結局そんな生活を11月の後半まで続けた。塾に二か月くらいぶりに行った時、約束を破って二か月も連絡をせずにいたので先生にめちゃめちゃ怒られると思っていた。しかし、怒るどころか9月から11月の後半まで勉強をサボっていたどうしようもない僕なんかのために、今の状況から受かるための計画を 立ててくださった。その時、自分はこんなにも生徒の事を思ってくれている先生を裏切ってしまった自分が恥ずかしく思い、そこから気持ちを入れ替えまた基礎の復習から始め直した。そして、ある程度復習を終えて、またセンターの過去問を解いてみたら夏の点数を意外と維持できていて、過去問を解いて反省会を重ねていく度に点数も上がっていき、12月には9割も取れるようになっていった。夏までに基礎をしっかり固めたおかげで基礎が定着していたので、勉強から離れていた期間があっても忘れずにいられたのだと思う。センター当日では、緊張などもあり、練習通りの時間配分では解けなかったのですが、練習の時に短い時間で解く練習をしていたおかげで、英語174 現代文83 古文35 世界史89 という点を取ることができた。英語は文法と発音アクセントで多く落としたがそれ以外の部分では1ミスに抑える事ができ、平均点が下がった中で健闘できたと思う。国語は苦手な古文が低い点を取ってしまったのだが、センター利用は現代文のみの学校に出していたのでセーフだったと思う。世界史にはあまり時間が使えず、当日までに間に合うか不安だったが、センター前一週間に世界史の時間をかなり増やして何とか間に合ったので良かった。私立の過去問は12月の途中から解き始めて、最初はなかなか点が取れなかったりしたが、センターの過去問で解く時に時間がかかる問題を飛ばして一周目の時間を減らし見直しの時間を長くするという練習のおかげと、英語の長文を解くときにメモを取る事で見直す時の手がかりを増やして、見直しの質を上げる練習のおかげで点数が取れるようになっていった。自分はサボっていた分、他の受験生よりも遅れていたので、滑り止めの大学はセンター利用だけにし、私立の一般試験はMARCHの学校だけにして、少しでも勉強時間を確保した。

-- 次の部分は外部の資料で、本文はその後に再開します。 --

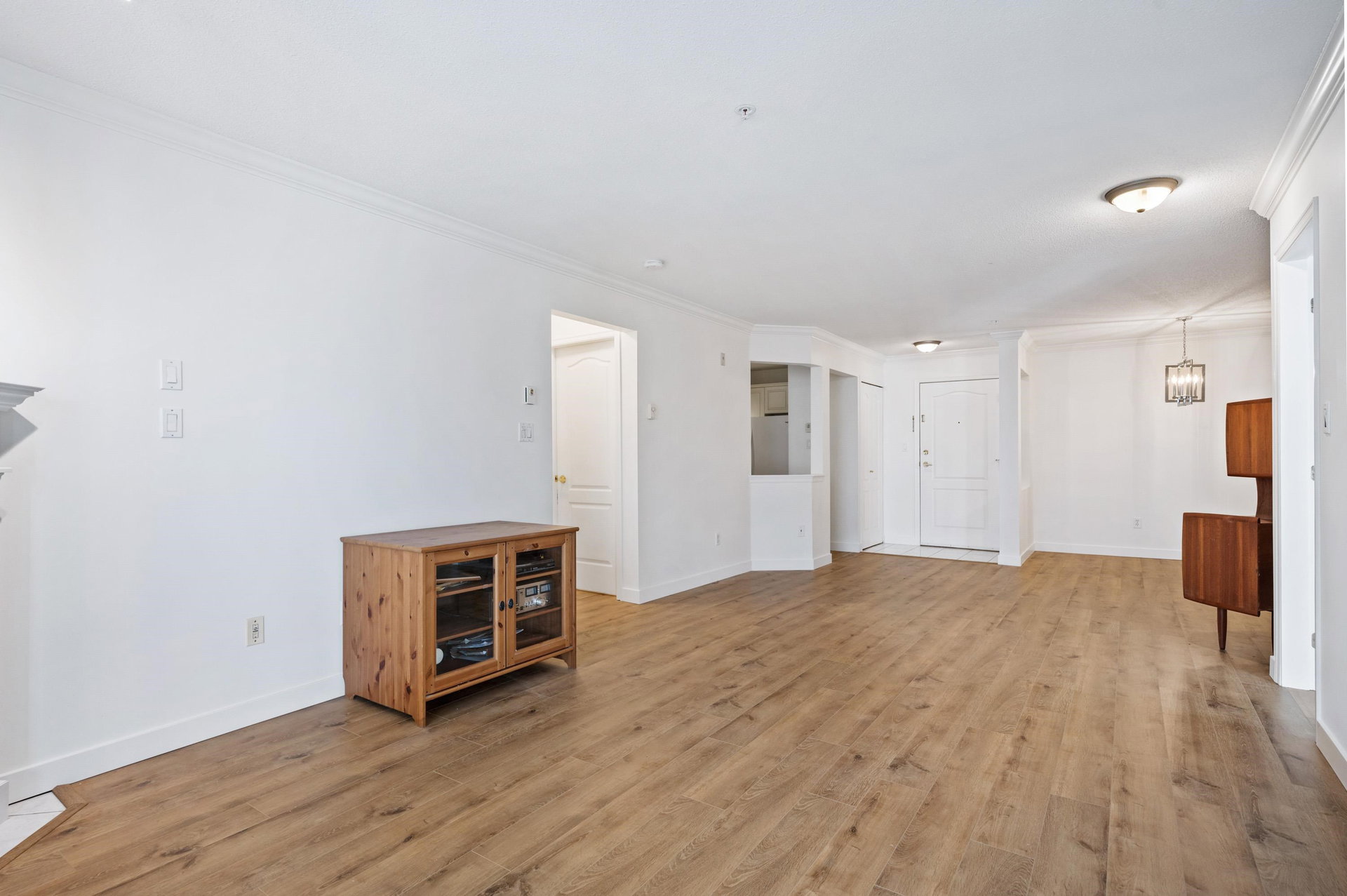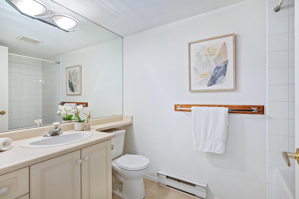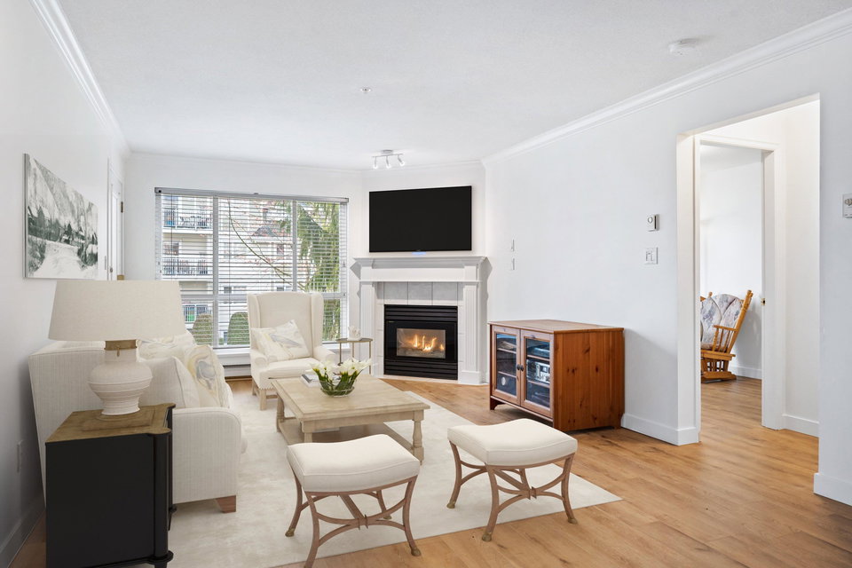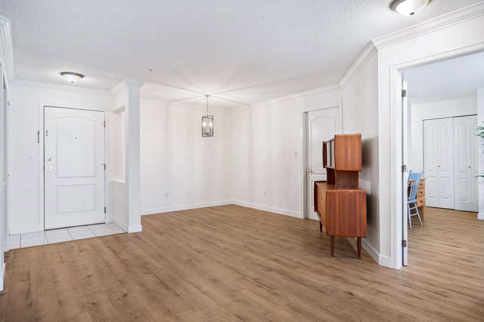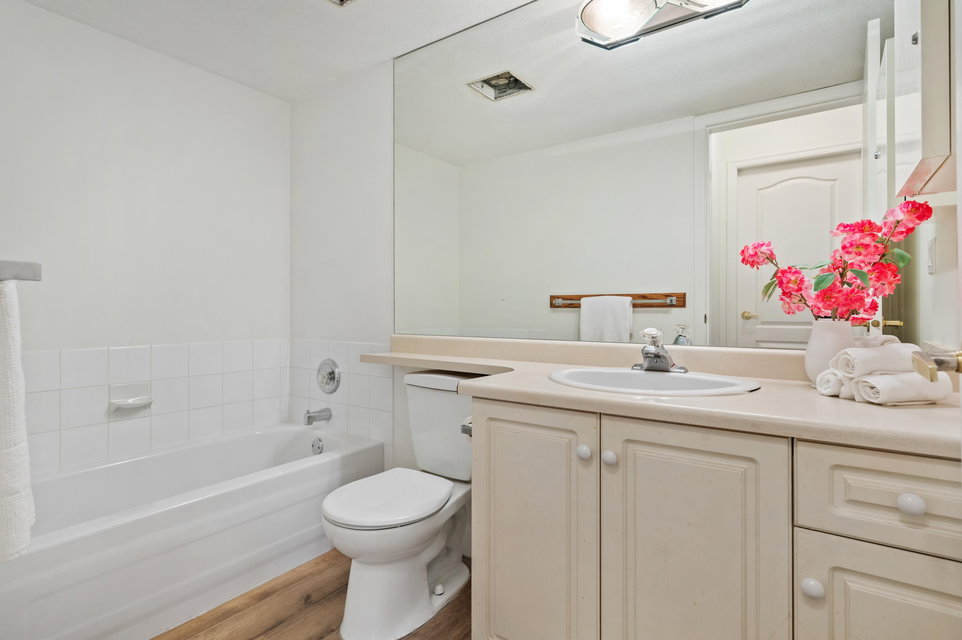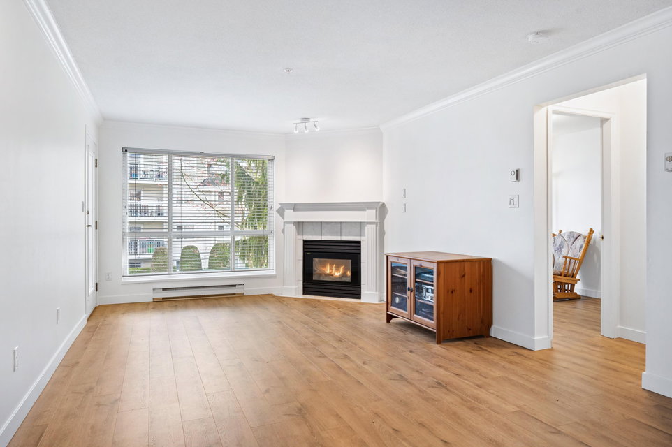 WELCOME HOME to this 2 BED 2 BATH unit in MONTEREY GRANDE located in the heart of Langley City. This well laid out unit with bedrooms on opposite sides of the home features an open dining room/living room which is huge and leads out to a balcony. Very large primary suite with soaker tub in bathroom. Brand new laminate flooring and professionally painted. You will love the large laundry room/storage with space for a deep freezer and bonus storage locker on the same floor! One dog (13″) and 1 cat permitted. Call today and make this your new home!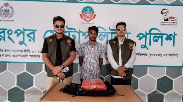 জুয়েল ইসলাম-নিজস্ব প্রতিবেদকঃ রংপুরে ০২ (দুই) কেজি শুকনা গাঁজাসহ মোঃ হাসান আকন্দ নামের এক মাদক ব্যবসায়ীকে গ্রেফতারের খবর পাওয়া গেছে। অদ্য ১৮/০৫/২০২২খ্রি. ১৭.৩০ ঘটিকায় গোপন সংবাদের ভিত্তিতে রংপুর কোতয়ালী থানাধীন নিউসেন পাড়া মসজিদ সংলগ্ন সামিনা মেটাল ওয়ার্কসপ এর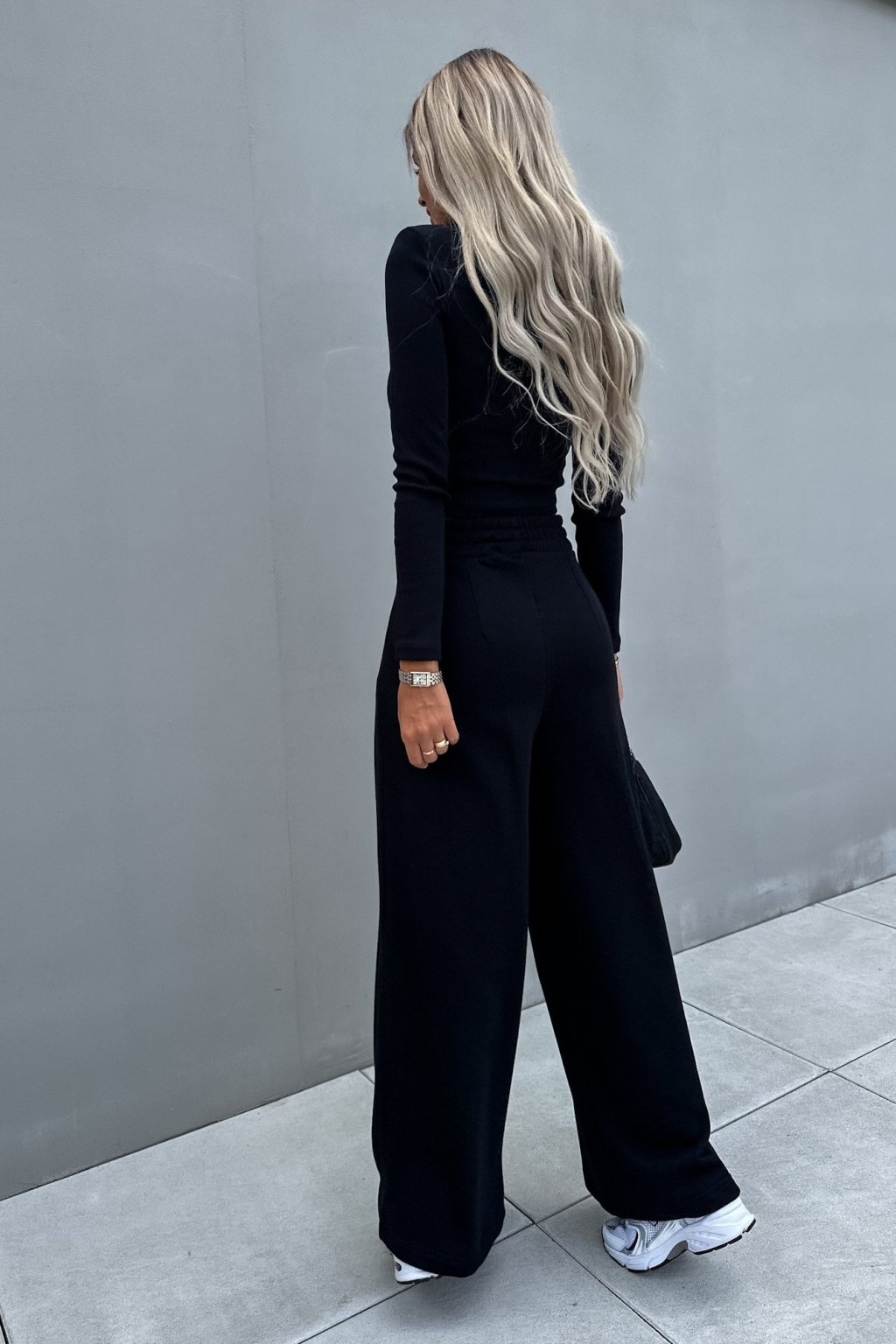 Dámský set složený z tepláků a žebrovaného topu s dlouhým rukávem. Hit této sezony.

私立の入試本番では、最初の数回は全然練習通りの時間で解けずに、苦戦した。でも、「入試は連戦になるので一日一日気持ちを切り替えることが大切だから、試験終わった後は勉強しなくても良いから塾に来てその日の事を報告してほしい」と先生に言われて、それを実践してみたら失敗した日でもその日のミスを反省し、それを話す事で冷静になれて次の日の試験で、1周目に問題を飛ばすのを練習の時のように徹底でき、また失敗した日は慎重になりすぎて不必要なメモを取りすぎていたのことに気づき、メモを最低限にして、見直しの時間を多く確保することをできるようになった。苦手な古文でも失敗した日の反省を生かして試験の前に文法を復習し直したり、主語をしっかり確認することでミスを減らせた。
そして結果は、公式の回答で自己採点をしてみたらネット上の配点で英語84% 国語88% 世界史74% としっかりと自分の実力を出せて 現役の時から第一志望だった立教大学にどん底の日々から逆転合格することができた。
こんな僕でも結果を出せたのは夏前に基礎をしっかりと固めるという正しい努力をする事と、過去問を解く度の反省会で、問題を間違えた原因に向き合い、それを一つずつ克服する事ができたからだと思う。これは独学の時や秋に引きこもってしまった嫌なことから逃げていた自分では絶対できなかった。一人一人に親身に寄り添って勉強の計画を一緒に立てたり、勉強の質問などに答えてくれたりしたり、また、9月の時に僕が塾を辞めるという誤った判断をした時に止めてくださった先生のおかげだと思う。先生が「勉強は自分のダメなところに向き合う事」と言っていたように、僕は大学での生活の中で、継続して努力するのが苦手な事と、自分の嫌な物や、めんどくさい物に向き合わずに逃げてしまう事を克服するのがこれからの課題だと思う。と口では簡単に言えるけれど、今も体験記を書くのをめちゃめちゃ後回しにしてしまっていたので実際にこの課題を克服するのはとても難しいだろう。でも4年間かけて少しずつ頑張ります。
最後に、柳原先生、一年間本当にお世話になりました。ありがとうございました!